19 October 2011 | People and Companies | News | Nedgroup Investments

South African companies are famous for “lazy” balance sheets, with corporate deposits in South Africa standing at R470 billion in June. With tough economic conditions set to remain the order of the day, it is therefore critical that companies ensure that they are optimising the returns on the cash piles they are sitting on.

This was view expressed by Ian Ferguson and Sean Segar of Nedgroup Investments at a media roundtable held in Johannesburg yesterday Segar, Head of Product: Cash Solutions at Nedgroup Investments says because many corporates tend to restrain themselves in terms of investment and expenditure during tough economic conditions, they tend to build up cash reserves in their balance sheets, while they wait for opportunities to present themselves.

He believes that better allocation of these cash reserves on their balance sheets can have a very welcome contribution to their bottom line.”While the primary focus of every business and its employees should be on fulfilling operational responsibilities, corporates need to put more of a focus on putting their balance sheet to work. In this market environment an extra percent – or even half a percent of earnings - can make a very positive impact on profits,” he says.

According to Segar, money kept in a cheque or savings account will often earn little or no interest. While it is possible to secure higher rates in these types of accounts, these come with additional credit risk and possible lock up of funds, which reduces liquidity.

Segar says investing idle cash into money market funds is one of the safest ways to achieve attractive yields without taking on undue risk. He explains that apart from professional management of the money, the cash investment is also spread across the banks and other credible issuers – thereby significantly reducing the risk. Furthermore, he says figures show that money market funds consistently beat the call rate over time.

According to Segar,since the first Money Market fund was launched in South Africa in 1997, the industry has attracted R270 billion. “Money Market funds have become very popular overseas and exploded here in South Africa.”
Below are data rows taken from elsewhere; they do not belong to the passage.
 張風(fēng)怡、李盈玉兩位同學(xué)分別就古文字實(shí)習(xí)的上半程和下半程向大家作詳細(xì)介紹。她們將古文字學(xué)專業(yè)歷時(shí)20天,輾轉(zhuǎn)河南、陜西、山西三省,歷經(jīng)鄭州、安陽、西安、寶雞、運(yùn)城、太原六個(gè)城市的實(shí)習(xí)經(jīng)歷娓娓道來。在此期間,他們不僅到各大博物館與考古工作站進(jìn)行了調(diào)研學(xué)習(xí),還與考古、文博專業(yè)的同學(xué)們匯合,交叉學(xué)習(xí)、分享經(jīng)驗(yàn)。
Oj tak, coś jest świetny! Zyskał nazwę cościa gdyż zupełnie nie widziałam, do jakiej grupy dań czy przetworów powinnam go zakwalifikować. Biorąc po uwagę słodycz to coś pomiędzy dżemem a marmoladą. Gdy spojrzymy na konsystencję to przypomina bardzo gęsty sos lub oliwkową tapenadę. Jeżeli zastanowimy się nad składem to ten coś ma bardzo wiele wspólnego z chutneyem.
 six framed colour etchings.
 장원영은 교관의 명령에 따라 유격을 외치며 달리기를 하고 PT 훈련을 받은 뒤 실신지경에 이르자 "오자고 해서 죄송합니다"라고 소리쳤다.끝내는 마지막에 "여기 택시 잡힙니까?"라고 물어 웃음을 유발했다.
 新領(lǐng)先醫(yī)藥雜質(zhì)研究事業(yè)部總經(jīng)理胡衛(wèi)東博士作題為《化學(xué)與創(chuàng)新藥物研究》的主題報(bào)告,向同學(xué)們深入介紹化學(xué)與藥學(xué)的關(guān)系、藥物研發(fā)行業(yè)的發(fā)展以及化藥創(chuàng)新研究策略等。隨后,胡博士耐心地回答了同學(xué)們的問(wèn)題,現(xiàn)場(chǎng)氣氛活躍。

Although Segar stresses the importance of achieving optimal returns on cash, he warns corporate investors to be cautious when chasing the highest yield in the market. “It is important to look beyond the rate and not to be taken in by marketing promising high returns. When chasing yield, you need to understand the relationship between risk and yield and make an informed decision. Higher yield means higher risk and in current markets, risk needs to be carefully managed. If it sounds too good to be true - it probably is.”